- SOURCE RECORDS -
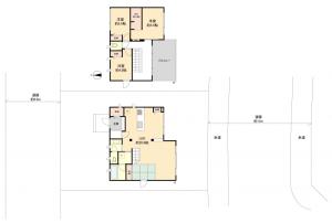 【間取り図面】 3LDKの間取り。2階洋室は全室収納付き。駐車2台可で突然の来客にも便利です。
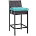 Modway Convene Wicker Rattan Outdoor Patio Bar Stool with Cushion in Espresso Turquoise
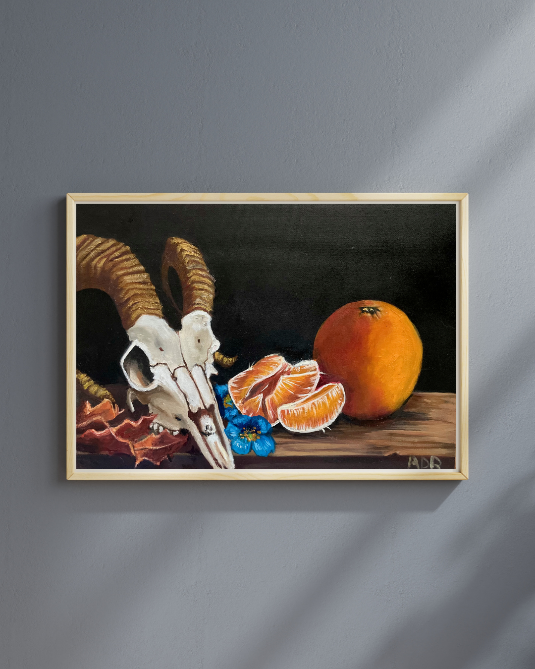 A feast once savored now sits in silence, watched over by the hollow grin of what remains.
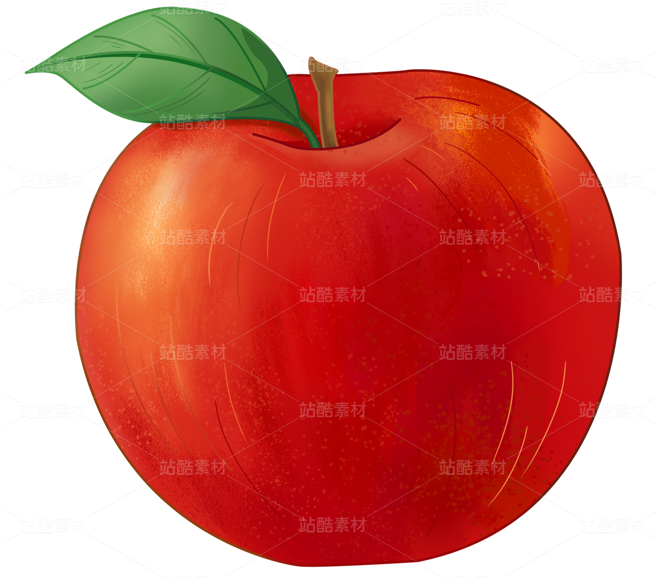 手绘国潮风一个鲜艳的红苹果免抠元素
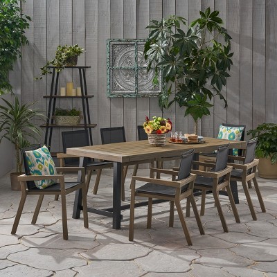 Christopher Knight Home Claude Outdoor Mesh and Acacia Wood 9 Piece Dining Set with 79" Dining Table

- WHAT YOU ARE ASKED TO DO -
Each line from the one containing "Modway Convene Wicker" through the last line of the listing is to be given again exactly, with no pictures and no other lines.

- ANSWER FOR THE TASK -
 Modway Convene Wicker Rattan Outdoor Patio Bar Stool with Cushion in Espresso Turquoise
 A feast once savored now sits in silence, watched over by the hollow grin of what remains.
 手绘国潮风一个鲜艳的红苹果免抠元素
 Christopher Knight Home Claude Outdoor Mesh and Acacia Wood 9 Piece Dining Set with 79" Dining Table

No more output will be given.